Generate n-bit Gray code sequence where consecutive numbers differ by one bit.

def grayCode(n):
    return [i ^ (i >> 1) for i in range(1 << n)]

Time: O(2^n). Space: O(1) excluding output.

Python-Specific Notes¶

Arbitrary precision integers. Python ints have unlimited bits, so there's no overflow. But this means ~x returns -(x+1), not a fixed-width complement.
No unsigned right shift. Python's >> always does arithmetic shift (sign-extending). To simulate 32-bit unsigned behavior:
```
# Treat as 32-bit unsigned
result = n & 0xFFFFFFFF
```
bin() and bit_count(). bin(x) gives the binary string.
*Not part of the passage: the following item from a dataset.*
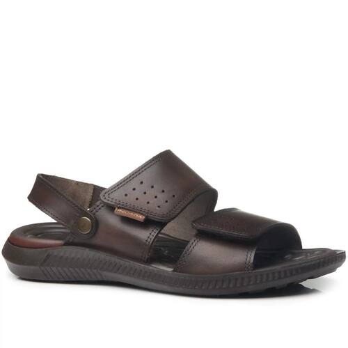 Sandália Masculina Pegada Essa sandália é fabricada em couro, matéria prima de alta qualidade, resistência e durabilidade. O solado é leve e flexível, e conta ainda com o sistema de amortecimento AMORTECH, através de tubos que absorvem o impacto na região do calcanhar. A palmilha é anatômica feita em eva que se adapta ao formato do pé com massageadores triangulares. O modelo ainda possui tiras em tiras autocolantes ajustáveis que facilitam o ajuste no pé.

Python 3.10+ has int.bit_count() for popcount:
```
x = 13
bin(x)          # '0b1101'
x.bit_count()   # 3
```

Negative number masking. When a problem expects 32-bit integers, mask with 0xFFFFFFFF:

# Convert Python's arbitrary-precision negative to 32-bit representation
if result > 0x7FFFFFFF:
    result -= 0x100000000

Complexity Notes¶

Operation	Time	Space
Single bitwise op (AND, OR, XOR, shift)	O(1)	O(1)
Count set bits	O(k), k = set bits	O(1)
Enumerate all subsets of n elements	O(n * 2^n)	O(n)
Enumerate submasks of a mask	O(2^k), k = set bits	O(1)
XOR of n elements	O(n)	O(1)

Bit manipulation solutions typically achieve O(1) space, which is their main advantage over hash-based approaches.